▶ **Material provided**:
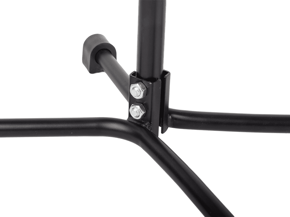 Stalak je jednostavan za postavljanje i korištenje. Zahvaljujući široko razmaknutim nogama, bicikl će na njemu stajati stabilno.
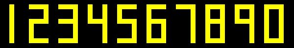 ASSIGNMENT: Although you can probably think of a number of ways of recreating the image shown to the left as a JavaScript applet, the technique you are required to use is probably not the simplest approach to take. For this assignment you must use only fillRect(int,int,int,int) to actually draw the numbers. |
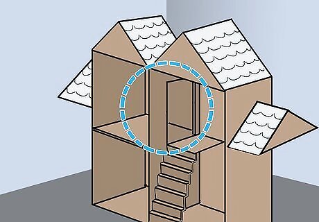 Make a door on the top floor, to where it goes outside of the house. Make a balcony by cutting a semi circle and putting a cardboard fence around it. Glue it just under the door, and arrange the leaves to make room for it, while some still goes underneath the balcony.

▶ **How to complete this task**: A word-for-word copy of all the data, without pictures, is the expected output.

▶ **Result of this exercise**:
 Stalak je jednostavan za postavljanje i korištenje. Zahvaljujući široko razmaknutim nogama, bicikl će na njemu stajati stabilno.
 ASSIGNMENT: Although you can probably think of a number of ways of recreating the image shown to the left as a JavaScript applet, the technique you are required to use is probably not the simplest approach to take. For this assignment you must use only fillRect(int,int,int,int) to actually draw the numbers. |
 Make a door on the top floor, to where it goes outside of the house. Make a balcony by cutting a semi circle and putting a cardboard fence around it. Glue it just under the door, and arrange the leaves to make room for it, while some still goes underneath the balcony.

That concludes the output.